(Bloomberg News) Mitt Romney told voters on the eve of today's New Hampshire primary that he likes "being able to fire people who provide services to me," giving ammunition to rivals in the Republican presidential race criticizing him over his tenure as chief executive officer of a private equity company.

In comments to several hundred listeners at a breakfast meeting of the Nashua Chamber of Commerce yesterday, Romney said: "If someone doesn't give me the good service I need, I want to say, 'You know, I'm going to get someone else to provide this service to me.'"

His off-the-cuff comments were about health-care providers. That didn't stop his opponents from using them to intensify attacks over whether his push for profits as founder and CEO of the Boston-based private equity company Bain Capital LLC came at the expense of workers. In addition, the state's largest television station, WMUR-TV in Manchester, carried it as a top news story.

Soon after Romney's remarks, former Utah Governor Jon Huntsman Jr. responded from Concord, New Hampshire, saying: "Governor Romney enjoys firing people. I enjoy creating jobs."

The focus on Romney's experience included new questions raised about the former Massachusetts governor's assertion that he'd helped create a net of 100,000 jobs while at the firm.

'Cooked' Numbers

"Those numbers can easily be cooked," Huntsman said at Crosby Bakery in Nashua.

The exchanges yesterday illustrated a sharp turn in tone before New Hampshire voters cast ballots in the first-in-the-nation Republican primary, as Romney's opponents maneuvered to become his chief challenger.

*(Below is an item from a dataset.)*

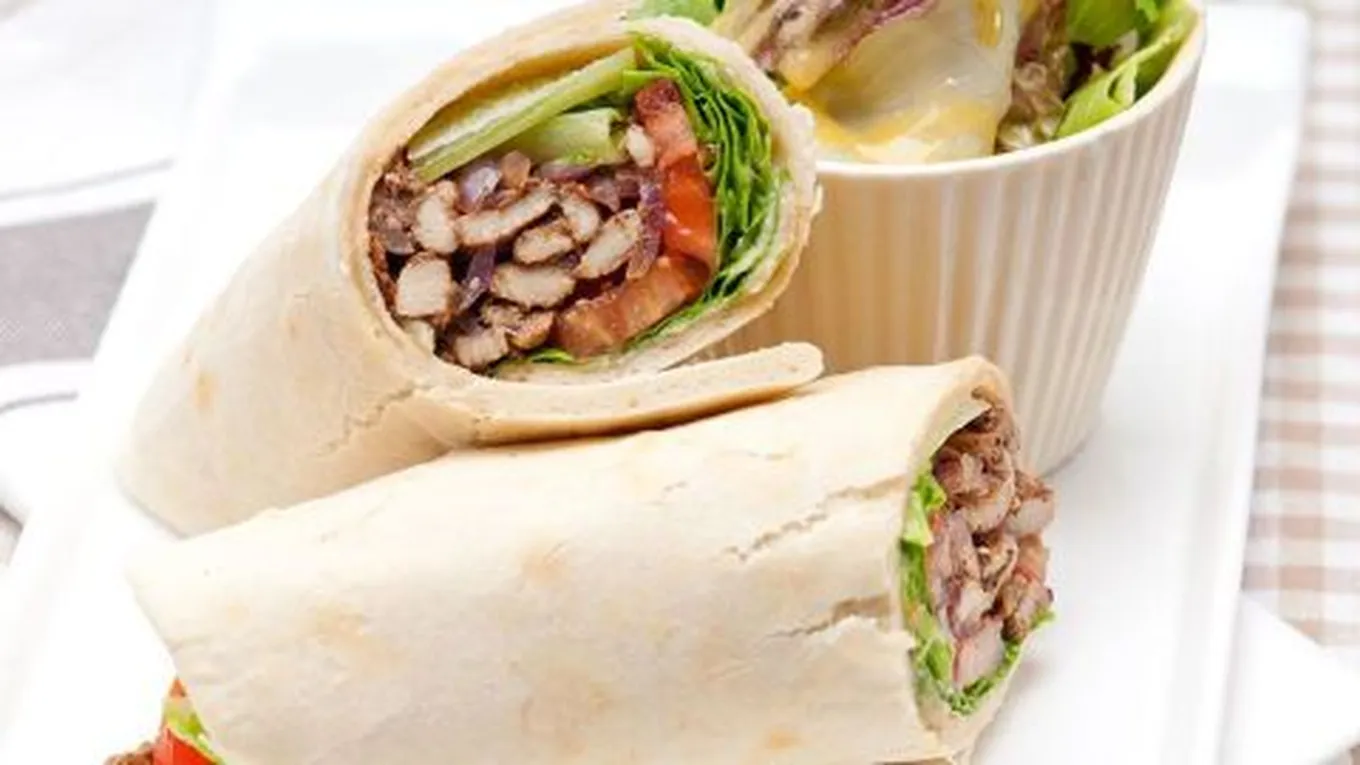 - يُفتح الخبز من النصف، ويُحشى بالشاورما، ويُلف.

Several hundred miles away in Anderson, South Carolina, Texas Governor Rick Perry talked about local businesses that were "looted" by Bain Capital, saying it was the "ultimate insult" for Romney to campaign in the state.

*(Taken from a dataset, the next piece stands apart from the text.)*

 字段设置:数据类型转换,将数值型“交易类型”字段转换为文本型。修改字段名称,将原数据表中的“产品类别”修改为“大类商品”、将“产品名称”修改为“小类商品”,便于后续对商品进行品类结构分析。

During a town hall meeting in Manchester, New Hampshire, former U.S. House Speaker Newt Gingrich said it's necessary to examine Romney's record in the private sector because there's a difference between "looting" a company and engaging in standard business practices.

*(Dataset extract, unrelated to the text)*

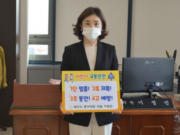 대구 중구의회 이정민의원은 지난 11일 어린이 교통안전 문화정착을 위한 ‘어린이 교통안전 챌린지’에 동참했다.

"Is capitalism really about the ability of a handful of rich people to manipulate the lives of thousands of other people and walk off with the money or is that, in fact, somehow a little bit of a flawed system?" Gingrich told reporters. "I do draw a distinction between looting a company, leaving behind broken families and broken neighborhoods and leaving behind a factory that should be there."